··· Recorded information ···
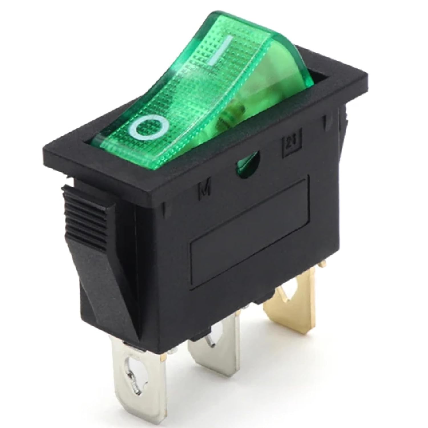 This heavy-duty KCD3 series rocker switch is engineered for demanding electrical applications in marine vessels and automotive systems. Featuring a robust design with illuminated indicators in red or green, this switch delivers reliable ON-OFF functionality with options for 2 or 3 position configurations. The switch boasts impressive power handling capabilities, rated for 16A at 250V or 20A at 125VAC, making it suitable for high-current applications. Its durable construction includes a secure rocker mechanism that provides clear tactile feedback and visual confirmation of the switch position. The compact form factor allows for easy panel mounting, while gold-plated terminals ensure excellent electrical contact and corrosion resistance. Perfect for controlling vehicle accessories, boat electronics, or industrial equipment, this switch combines professional-grade performance with long-term reliability. The textured surface provides good grip, while the illuminated rocker makes operation intuitive even in low-light conditions.
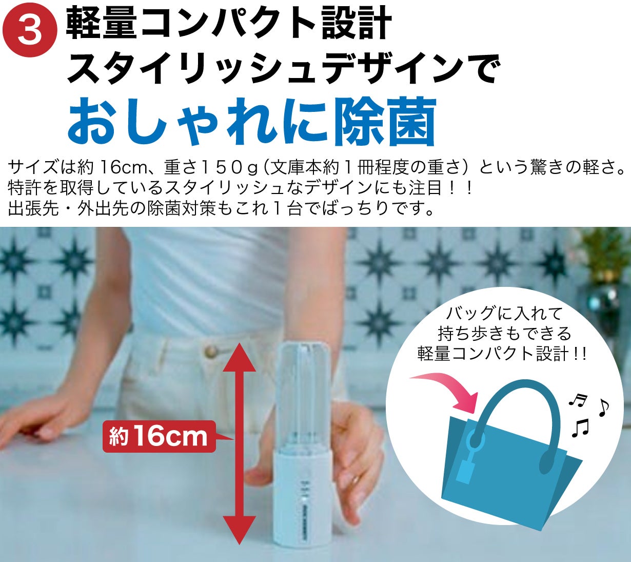 A,サイズは約16cm、重さ150gの軽量コンパクト設計です。
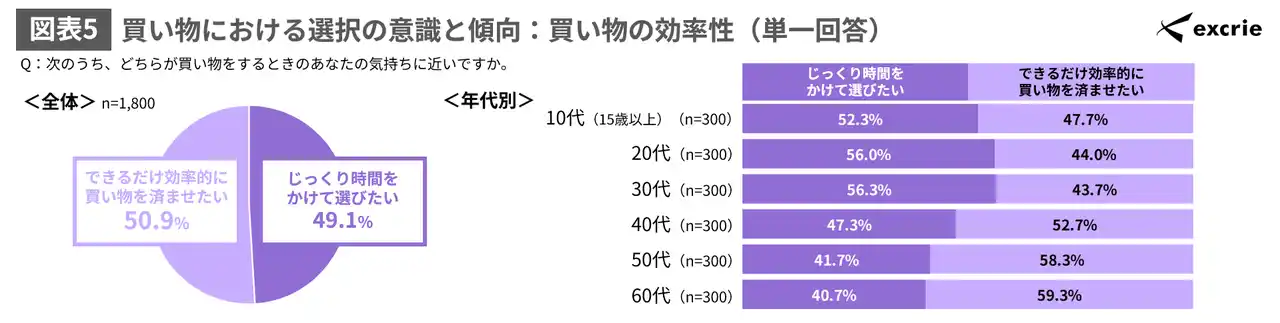 買い物をするときの効率性に対する気持ちを聴取したところ、若年層は「じっくり時間をかけて選びたい」が高い一方、40代以降は「できるだけ効率的に買い物を済ませたい」が過半数となっています。(図表5) |
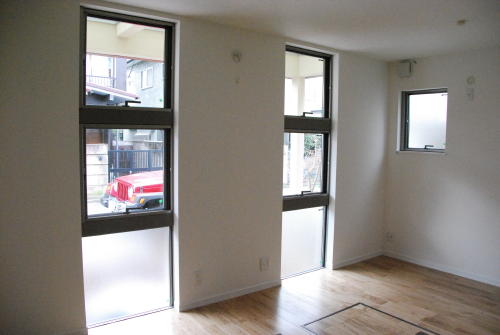 寝室には 床から天井までの 3連の窓をつけました。 |
···
**What is expected:** Print exactly, and only, the lines from the line containing "A,サイズは約16cm、重さ150gの軽量コンパクト設計です。" to the last line of the material above, with every picture left out.

**Task output:**
 A,サイズは約16cm、重さ150gの軽量コンパクト設計です。
 買い物をするときの効率性に対する気持ちを聴取したところ、若年層は「じっくり時間をかけて選びたい」が高い一方、40代以降は「できるだけ効率的に買い物を済ませたい」が過半数となっています。(図表5) |
 寝室には 床から天井までの 3連の窓をつけました。 |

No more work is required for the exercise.